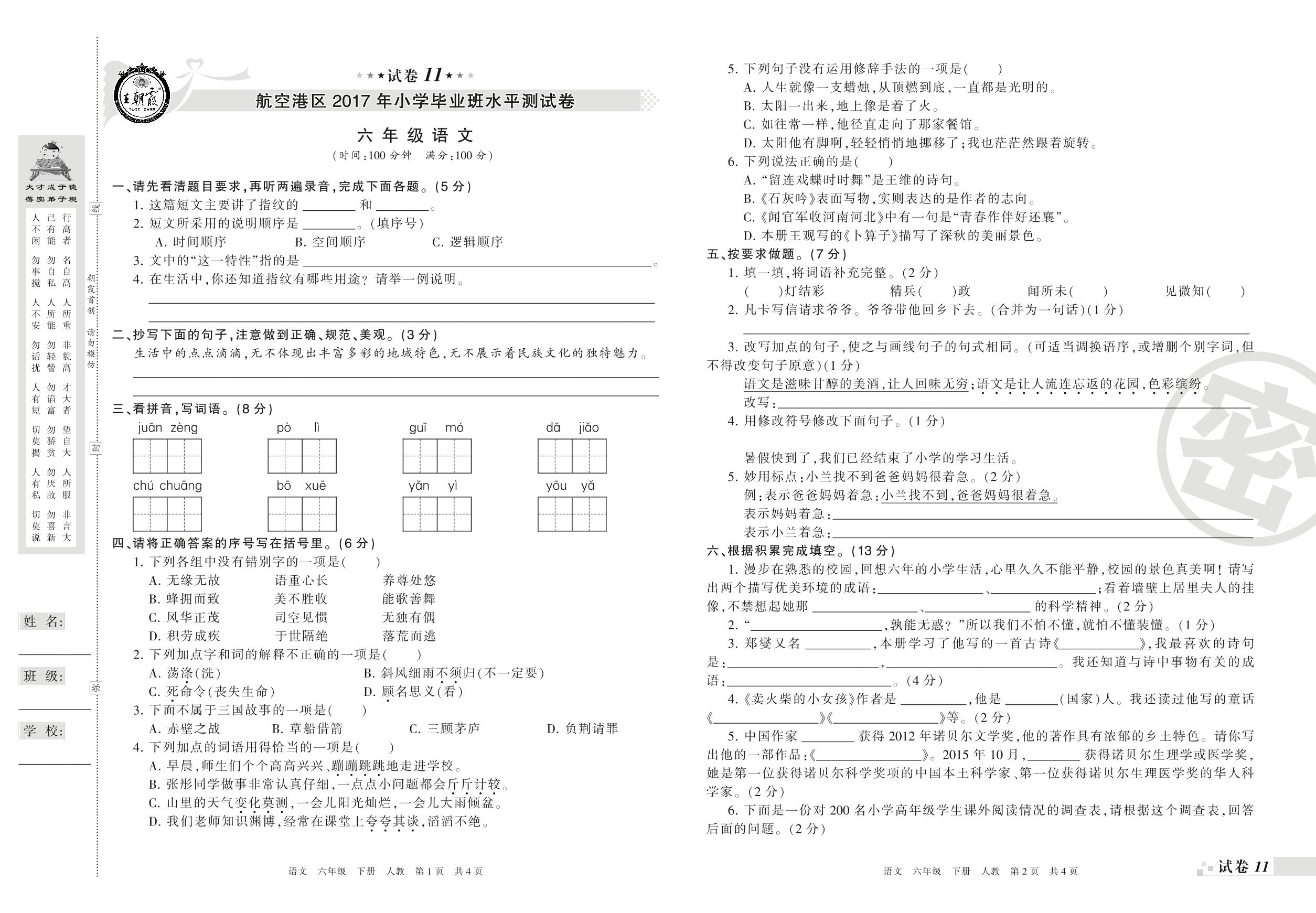2016-2017学年第二学期郑州市航空港区六年级语文试卷(人教版)【11】
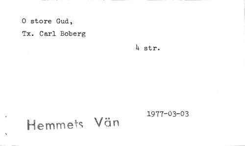 //// 0 store Gud,. Tx. Carl Boberg //// 14 str. //// Hemmets Vän 1977-03-03 ////
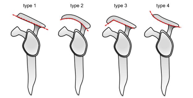 例えば、肩峰(Acromion)の形状が写真4のようなType III:フック型になっていると、他の形状よりもインピンジメントを引き起こす確率が高くなると言われています。
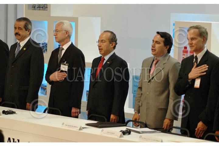 MÉXICO, D.F., 10JUNIO2009.- José Angel Cordova Villalobos, secretario de Salud; Holger Liepmann, presidente global de Abbott Nutrición; el presidente Felipe Calderón y Gerardo Ruíz Mateos, secretario de economía durante la inauguración de la planta Abbott. FOTO: RODOLFO ANGULO/CUARTOSCURO.COM

How to complete this task
Word for word, print all of the data; skip the pictures.

Answer to this task
2016-2017学年第二学期郑州市航空港区六年级语文试卷(人教版)【11】
 //// 0 store Gud,. Tx. Carl Boberg //// 14 str. //// Hemmets Vän 1977-03-03 ////
 例えば、肩峰(Acromion)の形状が写真4のようなType III:フック型になっていると、他の形状よりもインピンジメントを引き起こす確率が高くなると言われています。
 MÉXICO, D.F., 10JUNIO2009.- José Angel Cordova Villalobos, secretario de Salud; Holger Liepmann, presidente global de Abbott Nutrición; el presidente Felipe Calderón y Gerardo Ruíz Mateos, secretario de economía durante la inauguración de la planta Abbott. FOTO: RODOLFO ANGULO/CUARTOSCURO.COM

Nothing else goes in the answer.